As Ray Lewis tells it, the story of him and Baltimore is a creation myth.
His voice fell to a hush recently as he set the scene for his first season in the city, when the former Cleveland Browns were training at an abandoned state police barracks.
"It's the one thing people don't set out to do. And that is to change a culture, to really believe you can change a culture," he said. "I walked in there that first day, and there was no hope. There were no numbers, no colors, no symbol, no nothing. We're at an old army base, and every day as I'm leaving, I kept saying, 'Damn, they're going to believe. Our city don't believe. My teammates don't believe. But it's possible. I'm telling you.' "
Then, the pivot.
"You know what happened from '96 till the time I left?" Lewis said, his voice rising now. "Hope changed. It became real. Falling down is one thing. Getting your behind back up is a whole different mentality. Not being the favorites. The underdog roles are the roles you remember the most. And that's what that city, from the day I walked in to the day I left, when they walked in that stadium, they believed one thing: 'I've got hope. I've got hope that there will be a better day.' "
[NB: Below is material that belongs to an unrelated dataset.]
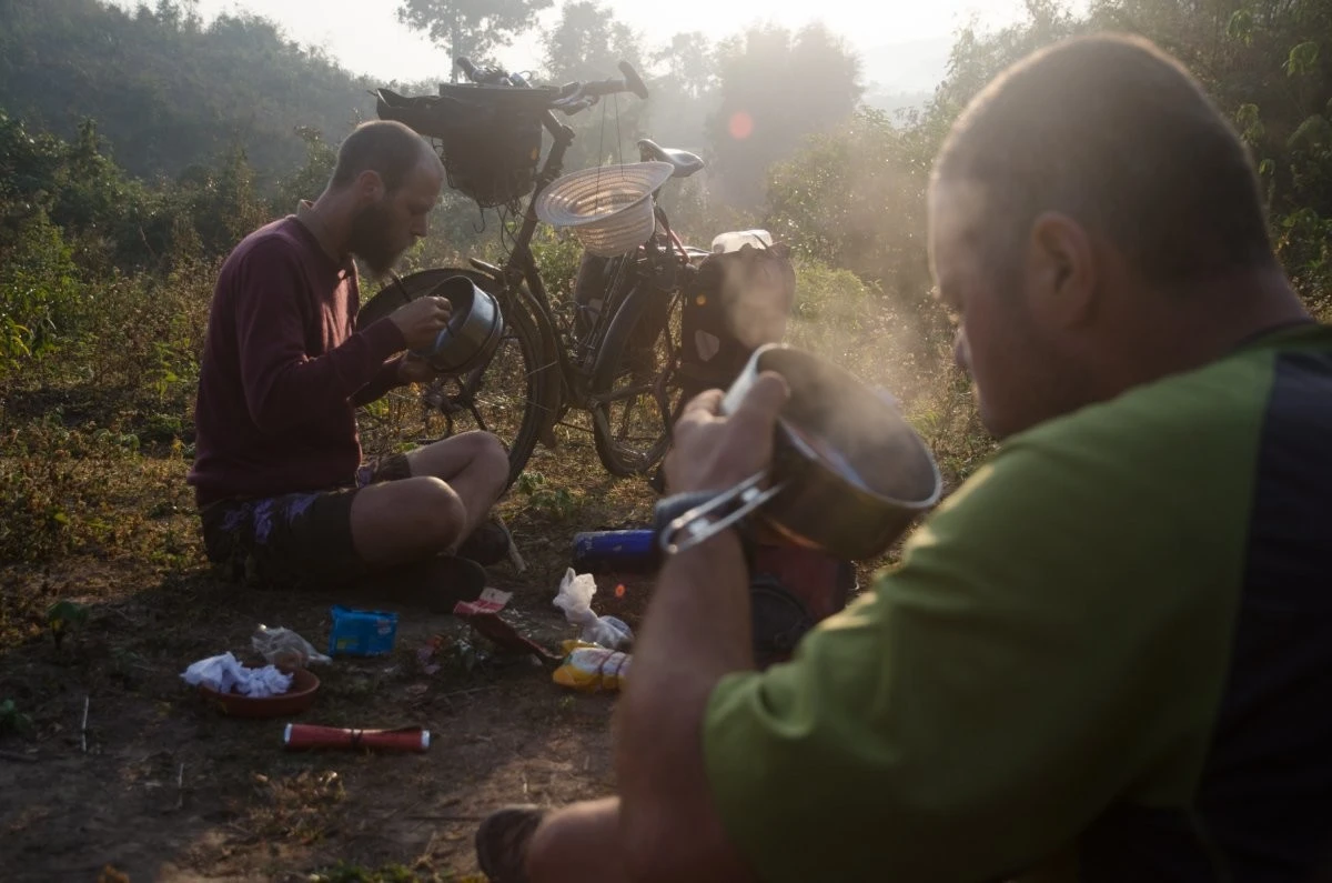 . Они сообща разбили лагерь и с удовольствием делились историями в лаосских джунглях.

The narrative is, like everything about the man, outsized. And if you're a skeptic, it's downright hokey.
But here's the thing.
Lewis really did transform himself from an unremarkable college recruit and an overlooked NFL draft choice into perhaps the greatest every-down defender in football history.
And he really did arrive in a city for which pro football represented abandoned dreams and create a new rallying point for the populace. Lewis proved to be the perfect emblem for his adopted home base — underestimated, messy and defiant.
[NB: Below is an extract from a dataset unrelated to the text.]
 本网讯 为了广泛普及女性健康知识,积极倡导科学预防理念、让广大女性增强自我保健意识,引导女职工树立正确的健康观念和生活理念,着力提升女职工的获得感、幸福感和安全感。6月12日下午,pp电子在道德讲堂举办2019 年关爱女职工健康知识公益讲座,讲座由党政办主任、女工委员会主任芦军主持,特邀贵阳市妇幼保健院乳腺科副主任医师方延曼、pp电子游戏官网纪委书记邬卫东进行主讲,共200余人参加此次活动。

When he takes his place in the Pro Football Hall of Fame on Aug. 4, he'll be celebrated by a nation of football fans as one of the greatest ever. But for Baltimore, the occasion will feel more personal.
Lewis will go down in the even rarer line of athletes who defined a time and place in his city, a status he shares with Johnny Unitas, Cal Ripken Jr. and few others.
"Ray Lewis was and is the Baltimore Ravens," said Rex Ryan, who as defensive coordinator helped design the units that gave a new NFL power its signature. "The fact he only played with one color jersey, that's appropriate. When you think of the Baltimore Ravens, you think of one person. There's a lot of great people in that organization, but you think of one person and that's Ray Lewis."
Lewis is a complicated figure, even for many people who've felt awed by his play and touched by his interest in their hopes and struggles.
Set aside those naysayers who've never gotten past the murder charges he faced in 2000 after two men were stabbed to death at a Super Bowl party he attended in Atlanta. Those charges were dropped, and Lewis became a greater hero than ever before in Baltimore. We'll get to that.
But Lewis has continued to inflame debate, even in retirement. Last year, when Colin Kaepernick sought to find a new NFL team after a season of kneeling during the national anthem to protest racial injustice, Lewis angered many of the quarterback's supporters by urging Kaepernick to "let your play speak for yourself."
After President Donald Trump became involved, Lewis infuriated those on the other side of the issue by kneeling with Ravens players as the national anthem played before the team's Sept. 24 game in London. In Baltimore, critics drafted a petition to have the bronze statue of Lewis removed from the grounds at M&T Bank Stadium.
Lewis said he merely wanted the best for Kaepernick when he spoke out in the first place. And he said he was praying, not protesting, when he kneeled in London.
Regardless of his intentions, he found the center of the storm. It's a place where he's comfortable residing. In fact, he almost covets the tension, believing it pushes him to greater heights.
Baltimore accepted this early on and, in fact, embraced the aspects of Lewis that offended people elsewhere.
"Baltimore is really parochial. It's not global," said the Rev. Jamal-Harrison Bryant, who welcomed Lewis into his congregation at Empowerment Temple AME Church. "And people reacted to him like someone who was from here. More than what we had seen from any player of recent vintage, he wasn't just showing up for fundraisers. He really hunkered down with people."
‘I’d like to be the best ever’
Lewis had already lived out a condensed version of his Baltimore story at the University of Miami, where he quickly rose from an afterthought recruit to the unquestioned leader of a defense that included future NFL stars such as Warren Sapp and Kenard Lang.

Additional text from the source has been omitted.